Actually, there wasn’t much fear
By Anna Daniels
Our national zeitgeist certainly has turned nasty and fearful since the last Republican debate. World War III! Armageddon! Terror at home! I never imagined myself ever saying this, but I am grateful that the pressures of last minute holiday shopping have partially restored our national sanity–short-lived as it will no doubt be.
My Beloved and I recently joined thousands of our like minded neighbors making their way to Mission Valley. We left our home unarmed, optimistic that a good guy and good woman with cash and charge cards would be capable of handling whatever came our way.
Our first stop was the post office in Mission Valley. While I love our City Heights post office, a trip there for stamps or to mail a package can become a lengthy experience, albeit a memorable and illuminating one.
This scene didn’t stay in my memory simply because the wheels of social interaction had been greased by common courtesy in that busy post office. Rather, it was the fact that the young woman was wearing hijab.
The Mission Valley post office was packed, but it conformed to a space-time continuum that I could handle– the line advanced with an encouraging regularity. One Filipina clerk and a guy who looked like ZZ Top calmly and capably moved a diverse assortment of San Diegans along the service counter and out the door.
It wasn’t until we returned to the car that I remembered the young woman in front of us who was addressing a package on the customer island that we were all inching along. She would occasionally look up, smile and wave ahead the person behind her.
This scene didn’t stay in my memory simply because the wheels of social interaction had been greased by common courtesy in that busy post office. Rather, it was the fact that the young woman was wearing hijab.
Of all the existential threats that Republican presidential candidates have served up to the public, Muslims are at the top of the list, at least for this news cycle. The threat is not limited to Muslims abroad or Muslims in their home lands. It includes all of the Muslims currently living in this country. That threat by extension must include the young woman and the man she was with in the Mission Valley post office.
No one in that post office was freaked out by the Muslim woman and man in our midst. There was no pointing, no head wagging, no whispering. It was difficult to square the actual lived experience in this multi-ethnic, multi-racial city with the conservative’s Big Fear that seems to resonate with a segment of our nation.
For a few moments I tried to imagine Republican Valhalla in which some armed representative of the state would be lurking in the post office to detain that couple, check them against a national registry and return them to their country of origin. If they were born here in the United States, things might get more complicated. Or not.
These thoughts were too repugnant, too horrifying, to entertain.

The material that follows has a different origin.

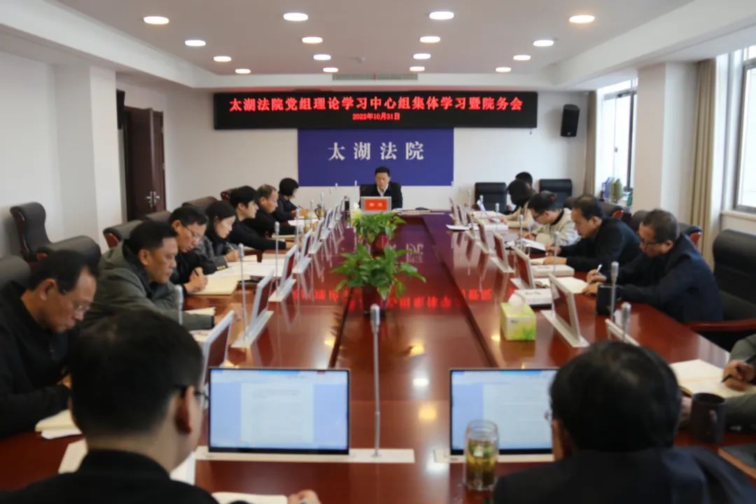 为贯彻落实全市法院优化营商环境专项会议精神,抓好11月执法办案各项工作,10月31日,太湖法院党组书记、院长陈浩主持召开党组理论学习中心组集体学习暨院务会,其他班子成员、专委及二级机构负责人等参加会议。

And they simply had no relevance in the public streets and gathering places on that busy shopping day.
As the hours sped by, the main roads in Mission Valley became more clotted with cars. As we waited for a light to change, a young woman with a little boy who were standing in the median approached the stopped cars.
The woman was holding a sign that said “Homeless and Hungry. Please Help. God Bless.” The child sang out “Merry Christmas” to those who handed his mother money through their car windows.
Night had fallen and the slow moving rush hour traffic was reduced to festive ribbons of white and red lights. We returned home, our small car packed with groceries and bags of holiday cheer. The house was warm and comforting, all thoughts of existential threats were banished.
Not far away, an anonymous Mary on a Mission Valley traffic median was searching for shelter, a safe place, for herself and for her boy child.
Nothing like a little Christmas cheer to ease our fears.
Real people are better than the ones media displays.
If only everyone could make that connection. This celebration of a homeless family, a mother giving birth in a place meant for animals, because there was no room for them anywhere else. No one tell the Christmas story and says that the father should have planned for this, got a better job, etc. etc… No one blames the Baby Jesus and his parents for their plight.
I noticed the words to a popular Christmas Carole today, playing in the background while I was cooking lasagna and pies for tomorrow: “Says the shepherd boy to the little lamb, ‘Listen to what I hear.’ A child, a child shivers in the cold, let us bring him silver and gold.” And I wondered where a shepherd boy would get silver and gold, and wouldn’t it be better to offer the family a safe, warm place to sleep? So much about this holiday seems so in-congruent.
Today I learned that one of our Amikas clients, who has been looking for housing for herself and her 3 children for almost a year, is still homeless. Like the woman and her son whom you saw today with the sign, we have Mary’s all around us. But here in San Diego, the police will confiscate even a tiny shed built for a homeless man to sleep in. The police are praised for collecting Toys for Tots? How about Homes for Humans first?
Anna, leave it to you to point out something I had not noticed. I was in several places this past week where women were wearing a hijab and your right people were not in a panic. Your article was so positive as far as seeing the good things happening. I went back in my mind and thought about several things that stood out after reading your article.